> **Assigned task**:
Restate the lines of the material below word for word, from the first through the one containing "総柄 ロング丈 プリーツスカート ブラウン系 レディース", and include nothing else; pictures stay out.
------------------------
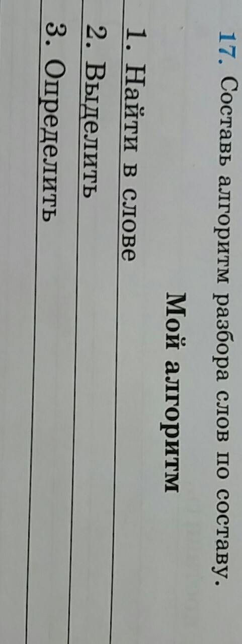 Составь алгоритм разбора слов по составу.....мой алгоритм........1)найти в слове2)выделить3)определить
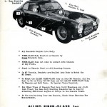 All of these materials use the name “Allied Fiber-Glass Incorporated,” and none use the name “Atlas Fiber Glass.” In our research, we still see the name “Atlas Fiber Glass” being used as late as February, 1953 (Road & Track Magazine). It’s possible that all sales sheets were produced after this time, and so far all materials we’ve found are dated from late ’53 forward.
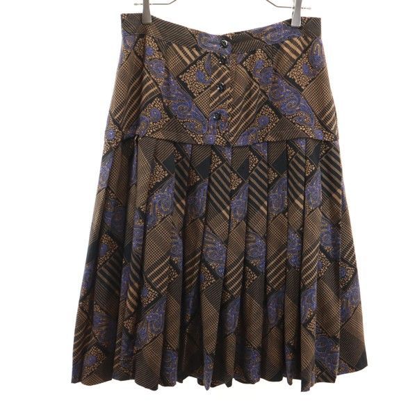 総柄 ロング丈 プリーツスカート ブラウン系 レディース
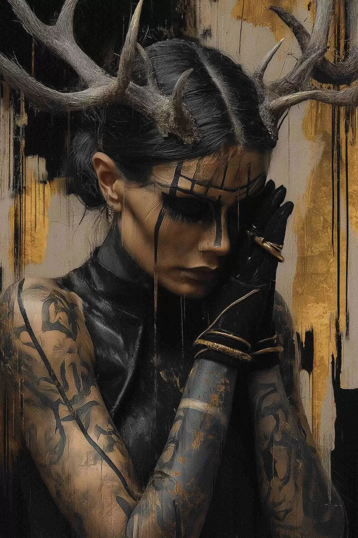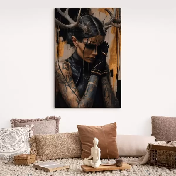 Vászonkép Sötét megjelenésű, szarvakkal rendelkező nő, fekete arcvonásokkal Nr s46144
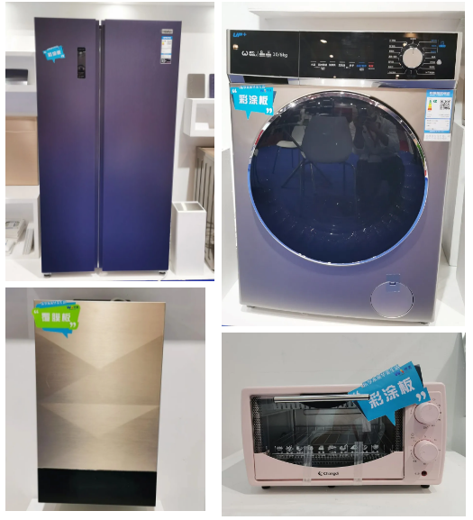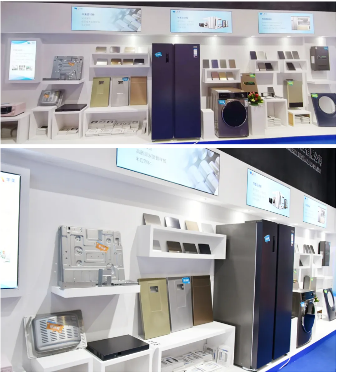 參展的家電領域產品(pǐn)有:家電(diàn)鍍(dù)鋅薄板、彩(cǎi)塗板、覆膜板,產品應用於家電產品(pǐn)的麵板、側板、背板等。本次參(cān)展將品牌家電與華美科技的產品樣片相結合展示,更好的詮釋了華美科技(jì)“樂享未來華(huá)美生活(huó)”這一使命。
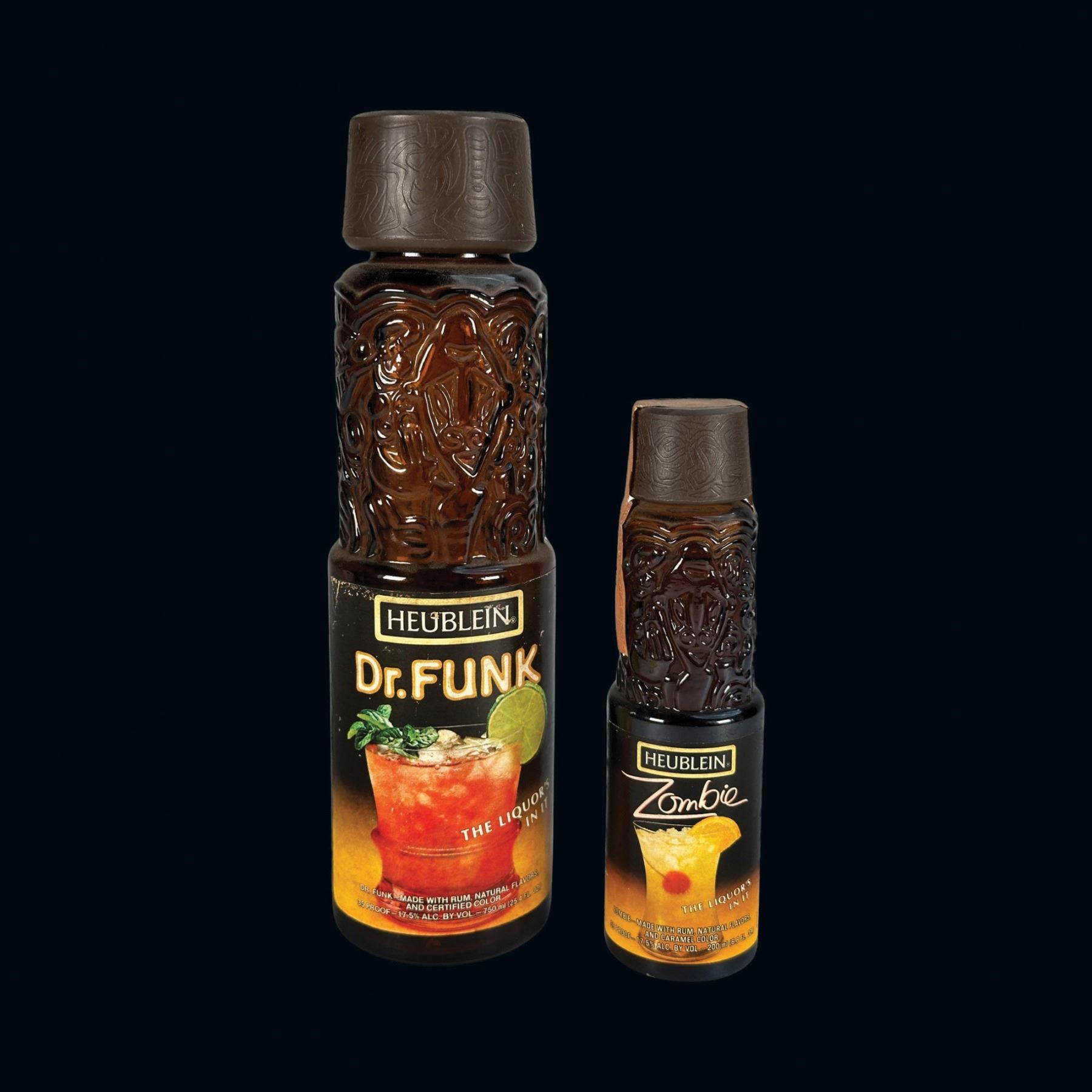 (1970s)* Zombie retains liquid, Dr. Funk is empty. Features a Sven address tag. VG+. 2"dia x 7" Zombie, 3"dia x 10.5" Dr. Funk.
------------------------
> **Solution to this problem**:
 Составь алгоритм разбора слов по составу.....мой алгоритм........1)найти в слове2)выделить3)определить
 All of these materials use the name “Allied Fiber-Glass Incorporated,” and none use the name “Atlas Fiber Glass.” In our research, we still see the name “Atlas Fiber Glass” being used as late as February, 1953 (Road & Track Magazine). It’s possible that all sales sheets were produced after this time, and so far all materials we’ve found are dated from late ’53 forward.
 総柄 ロング丈 プリーツスカート ブラウン系 レディース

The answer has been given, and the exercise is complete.